Supporting the anti-acid bill, not NGOs or Mullahs


Miranda Husain

We must recognise that here, in Pakistan, patriarchy is not always the sole subjugator of women. At times, those very
non-governmental organisations that profess to promote the safeguarding of women’s human rights are party to their servitude

Pakistani parliamentarians have shown us once again just how quick off the mark they are when it comes to introducing legal frameworks to safeguard women’s human rights.

A mere seven years after the Punjab Assembly unanimously passed a resolution to bring acid crimes under the legal purview of attempted murder, we have the Acid Control and Acid Prevention Bill 2010 under review by the National Assembly Standing Committee on Women’s Development. Hear, hear for the seven-year itch.

Of course, if and when the Bill becomes law, it must be welcomed as a fundamental blow to the perpetrators of crimes against women everywhere in the country. However, we must also recognise that here, in Pakistan, patriarchy is not always the sole subjugator of women. At times, those very non-governmental organisations (NGOs) that profess to promote the safeguarding of women’s human rights are party to their servitude.

How else to explain the following?

Last year, a leading Lahore-based NGO, regularly feted for its unwavering commitment to women’s rights, issued a press statement noting that the number of acid crimes against women in Punjab had doubled in the April-June period, as compared to the January-March period of 2009.

Yet this organisation was at a loss to provide any sort of statistical breakdown.

A request for a copy of the ‘report’ was met with the handing over of a single sheet of A4 paper, containing, wait for it, a table of figures. But just as there was no socio-economic breakdown, neither was there any gender breakdown. Meaning that there existed no mention of whether women could also, in some cases, be identified as perpetrators of acid crimes against women. Equally lacking was any mention of men falling victim to such crimes. This would not have appeared so glaring an omission had its umbrella organisation, the Human Rights Commission of Pakistan (HRCP), not mentioned in a 2007 report that two men had, in fact, been victims of this crime traditionally associated with women. A figure also noted by a leading anti-acid crime organisation. Yet perhaps the most shameful admission by this NGO was that its ‘fieldwork’ comprised nothing more than visiting four hospitals in the city and adding on to its findings whatever the media happened to report.

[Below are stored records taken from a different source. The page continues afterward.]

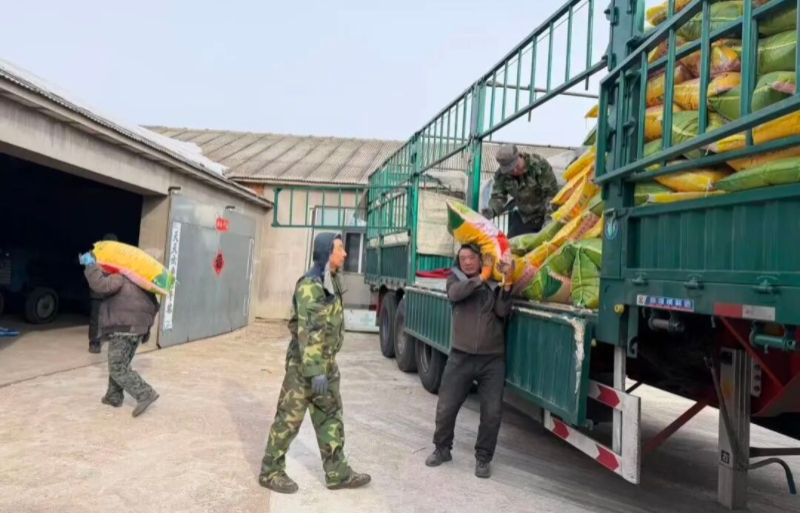 在共和村双喜现代农机合作社,农民们正忙着将成袋的化肥从运输车上卸下,分类码放在仓库内,现场一派繁忙景象。
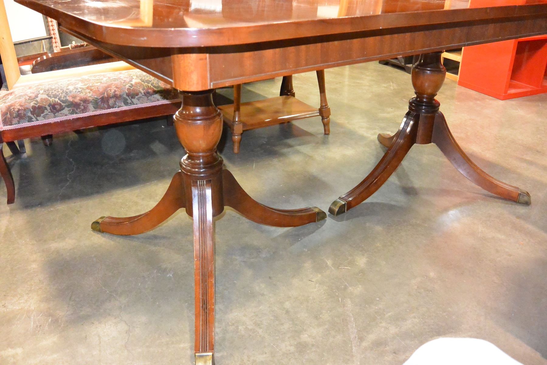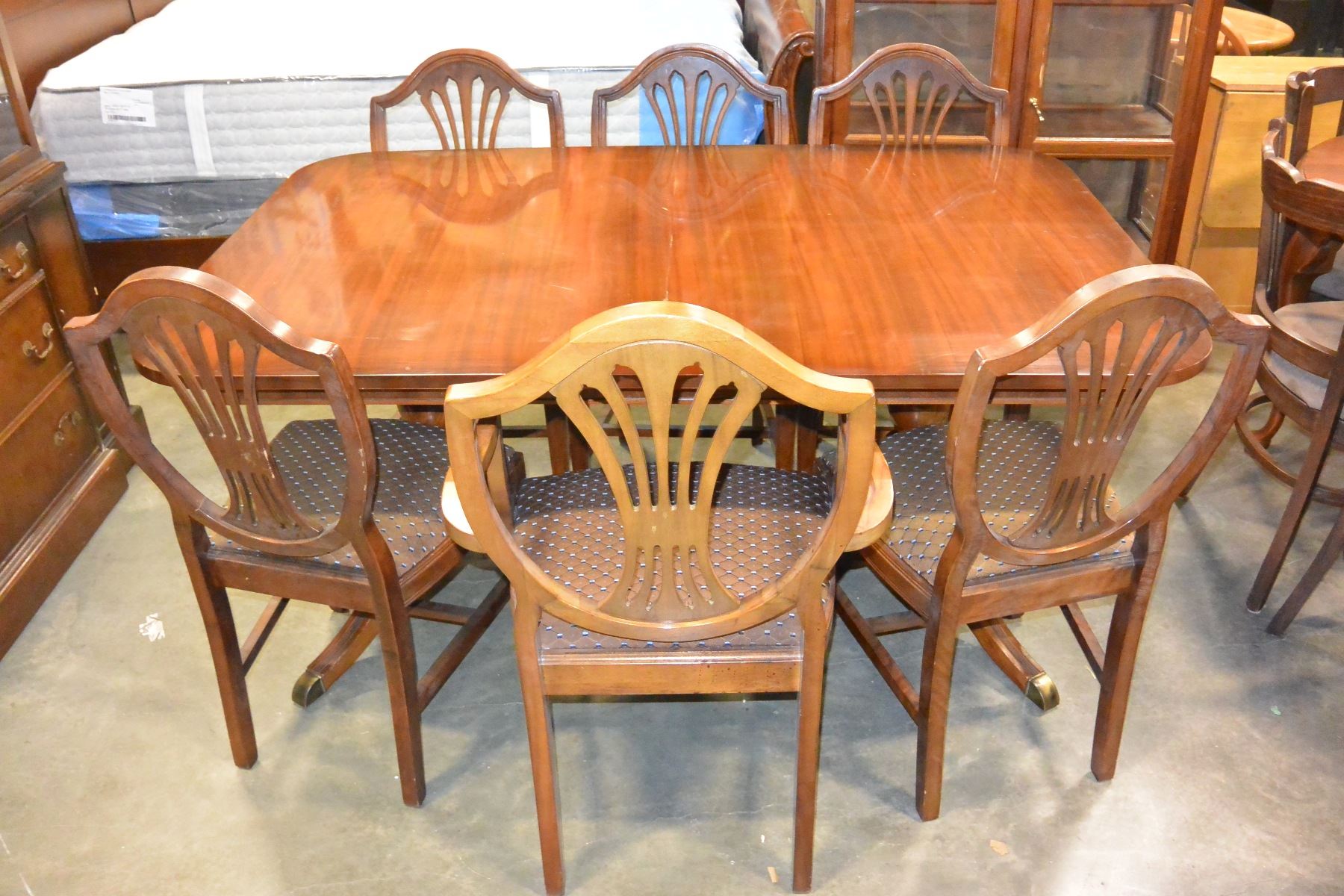 ANTIQUE WALNUT DUNCAN PHYFFE STYLE DINING TABLE WITH SIX CHAIRS BY GIBBARD
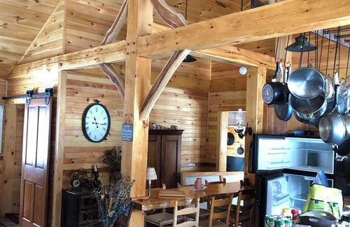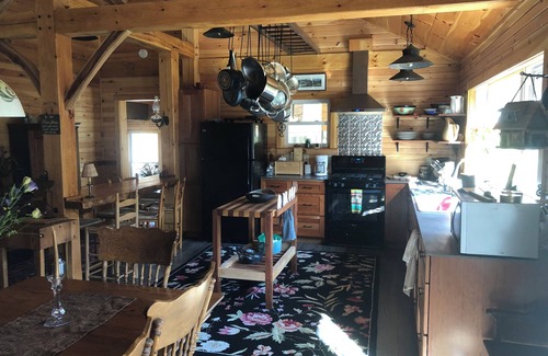 Located in Lincoln Vermont with a 1.5 mile driveway in off the main road. You are surrounded by National Forest and beautiful nature. Our guest house has 2 bedrooms one with King bed and one with queen. We also have a loft with 2 queen beds in it. We have all the amenities you could want while being totally off the grid. Available Memorial day - Columbus Day.

To be sure, this is not simply a question of undue nitpicking. For without any statistical breakdown, there can be no insight as to the possible factors behind such an increase. And without insight there can be no way of pinpointing adequate strategies to implement and strengthen safeguards for women. Yet this NGO is the proud recipient of funding from not one, but six, foreign NGOs, all from the same country.

And herein lies the problem of women’s rights in Pakistan. For the private sector, crimes against women represent, above all, a moneymaking business. An instant profile-raiser. The opportunity, perhaps, to hold lavish luncheons at posh hotels, where the buffet is always included. And where participants can pat themselves on the back, bless their little kitten heels, for playing their part in bringing on the revolution.

Of course, the failure of the state apparatus in this regard has simply played into their hands. It has allowed such organisations to perpetuate the myth that they alone have the moral courage to concern themselves with possibly the most horrific of crimes meted out to women.

And as far as foreign donors are concerned, funding such NGOs — without a second thought as to where the cash will actually be spent — serves their own end quite nicely. For can there be anything nobler than investing in a brighter future for that most systematically subjugated of creatures, the Pakistani woman? And so much the better if one can keep one’s credentials clean by bypassing a military regime or else a democratically elected one mired in ongoing corruption scandals. Of course it is surely nothing more than mere coincidence that the country in this particular question represents one of the largest investor nations in Pakistan’s telecom sector.

If any of these donor countries genuinely wanted to help the victims of acid crimes, they would visit the city’s only government hospital currently home to a burns unit, military establishments notwithstanding. They would be able to see for themselves the conditions with which reconstructive surgeons have to contend, such as a spectacular lack of generators and air-conditioners. This is not to mention the presence of natural wildlife roaming the corridors. Since government hospitals, by definition, are required to treat their victims free of charge, would it not make more sense for these foreign donors to invest in the medical infrastructure that actually works its fingers to the bone to help acid crime victims? A medical infrastructure whose audits are open to transparency in a way that those of the private sector are not.

Unfortunately, getting down and dirty in a government hospital provides no glossy photo opportunities, nothing to write home about.

Let us hope that this anti-acid Bill is swiftly adopted into law. It is the only way to reduce the monopoly of private NGOs on this front. And let us also hope that following this, there will come the widespread recognition that investment in government hospitals is essential to strengthening this law.

For it would be naïve to think that only men can treat women as commodities, to be bought, sold and demolished at will.